5. Except for the Family and Medical Leave Act, the remaining legally required benefits were conceived decades ago. Describe the changes in the business environment and society that might affect the relevance or perhaps the viability of any of these benefits.
Employee benefit plans such as the family and medical leave provided by various Acts of parliament face the risk of being seen as irrelevant in the changing business environment. The legal environment is in constant change where laws are amended. Changes occur relating to taxes and legal compliance is likely to cause inconsistencies with employee benefits established in the past years (Kokemuller, 2011). Changes in financial environment resulting from varying growth rates may interfere with the viability of employee benefits. An organization facing financial difficulty may be forced to cut down on the payment of employee benefits. Organizations facing financial success may also have an ability to pay for more benefits than are provided for by the law. The employee benefits are not consistent to the financial variations in the country. (Kokemuller, 2011)
Mergers are a common scenario in today’s business world. The mergers often involve organizations from different fields, which results to variations in the employee benefits paid to the employee from different organizations.
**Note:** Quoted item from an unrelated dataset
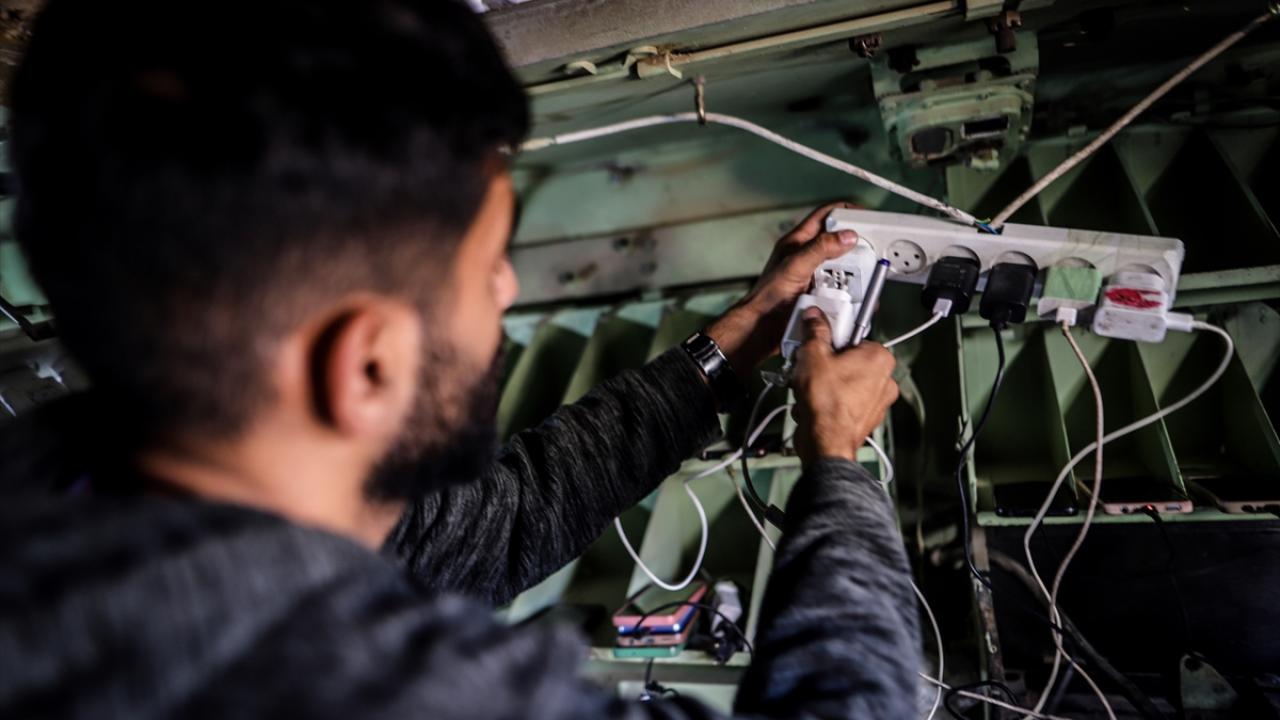 Gazze Şeridi’nin batısındaki Tel el-Hava Mahallesi’nde yaşayan 27 yaşındaki Filistinli Yahya Khzaik, bölgede bırakılan bir İsrail tankının enkazını güneş enerjisiyle çalışan bir şarj istasyonuna dönüştürdü.

The implementation of old policies may result to unfair remedies to individuals taking into consideration current structural changes in organizations. (Kokemuller, 2011) Employee demographics were not considered in the formulation of various employee benefits in the Acts of parliament. Employee demographics involve the changing composition of a company’s employees where an organization may consist of many parents. Such an organization may need to come up with day care benefits that have not been considered in the family and medical leave Act in order to retain its employees. The changing business environment as a result may make the benefit plans redundant.